After setting up the problem, the article gives a practical checklist that starts with the basics. The first step is to run updates immediately after installation, because many devices ship with outdated firmware that already contains known vulnerabilities. The second is to change any default settings or credentials so the device is not relying on values that may be shared across thousands of deployments.

The article then recommends placing smart devices on a guest or secondary wireless network. That simple separation helps limit lateral movement if one device is compromised, which is useful in both home and office environments. It also advises turning off unnecessary features such as remote access, voice control, or sharing options that the organization does not intend to use.

Another important control is disabling automatic port-forwarding features on routers, including UPnP, NAT-PMP, and PCP when they are not needed. Lincoln’s point is that convenience features can quietly expose a device to the internet without a deliberate review. The final step is to reset devices before disposal or resale so they do not remain linked to personal or business accounts.

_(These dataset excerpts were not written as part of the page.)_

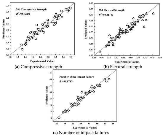 According to the experimental results, we can establish the prediction model of the compressive and flexural strength, as well as the impact resistance. The prediction equations for compressive strength, flexural strength, and impact resistance of PFRFC are established as shown in Equations (9)–(11).
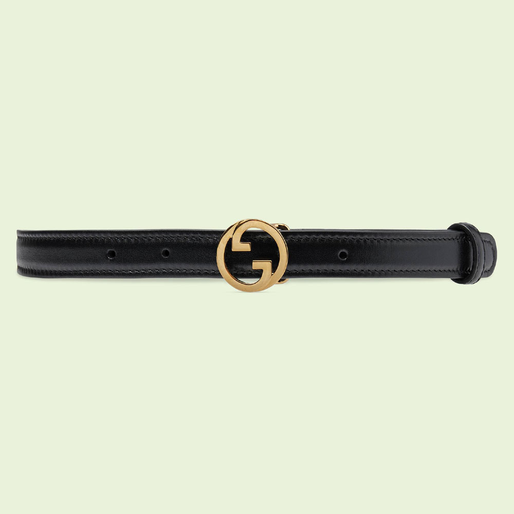 Self-expression defines Gucci collections. embracing the idea that there are no rules when it comes to dressing up. Playing with this theme. the accessories and pieces of ready-to-wear continue to reimagine and reintroduce heritage details. Here. this thin black belt is distinguished by an archival iteration of the House's monogram hardware.
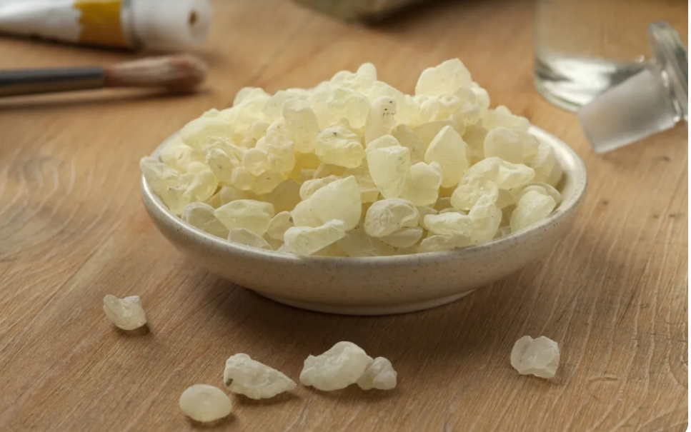 وتحتوي هذه العلكة الطبيعية على مركبات التربينات وأحماض التربيتيربينيك ذات الخصائص المضادة للميكروبات والالتهابات. كما يزعم منتجوها أن المضغ المنتظم قد يقوي عضلات الوجه والفك، رغم أن الأدلة على التأثيرات المرئية المباشرة تبقى محدودة.

  • Update firmware immediately after installation.
  • Change default passwords and device settings.
  • Place IoT devices on a guest or segmented network.
  • Disable features the organization does not use.
  • Turn off automatic port-forwarding features unless they are intentionally required.
  • Reset devices before disposal, transfer, or resale.

What this means for connected operations

For Paw Partners customers and similar connected-device programs, the operational lesson is clear: security controls work best when they are paired with telemetry, monitoring platforms, and health alerts. A device that reports firmware status, connectivity changes, battery conditions, or unusual behavior can be maintained before it becomes a support ticket or a field failure.

That is where connected workflows matter. Electronic prototyping, IoT integration, dashboards, and automated alerts help teams see whether devices are healthy, whether updates were applied, and whether a device needs intervention before downtime spreads. In practice, this creates a more reliable field operation because maintenance becomes proactive instead of reactive.

The article’s broader message is that IoT risk is persistent, not seasonal. Organizations that treat connected devices as living assets, with defined ownership, patching, segmentation, and end-of-life procedures, are better positioned to reduce outages and keep support costs predictable. The article closes by making the case that manufacturers and buyers alike should treat device safety as an ongoing responsibility.

Source: SC Media original article.

Why this matters

Real-world events often expose gaps in visibility, coordination, and system response.

The practical takeaway is that IoT security improves when vendors, operators, and field teams treat connected devices as managed assets with telemetry, update discipline, and clear lifecycle controls. That approach reduces exposure and supports steadier operations.